If a certain instruction is especially frequent, its execution unit could be duplicated to increase its throughput — possibly to even more than one, but not higher than the decode width.

Some instructions have a latency of 0. This means that these instruction are used to control the scheduler and don’t reach the execution stage. They still have non-zero reciprocal throughput because the CPU front-end still needs to process them.

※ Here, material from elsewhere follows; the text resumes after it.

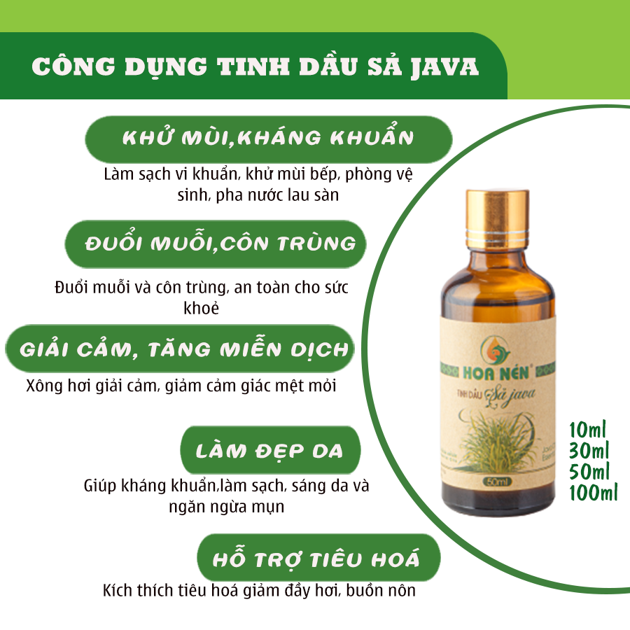 ✨Tinh dầu Sả Java nguyên chất Hoa Nén 3ml - 100ml - Đuổi muỗi, khử mùi, kháng khuẩn

Most instructions are pipelined, and if they have the reciprocal throughput of nn, this usually means that their execution unit can take another instruction after nn cycles (and if it is below 1, this means that there are multiple execution units, all capable of taking another instruction on the next cycle). One notable exception is the integer division: it is either very poorly pipelined or not pipelined at all.

Some instructions have variable latency, depending on not only the size, but also the values of the operands. For memory operations (including fused ones like add), latency is usually specified for the best case (an L1 cache hit).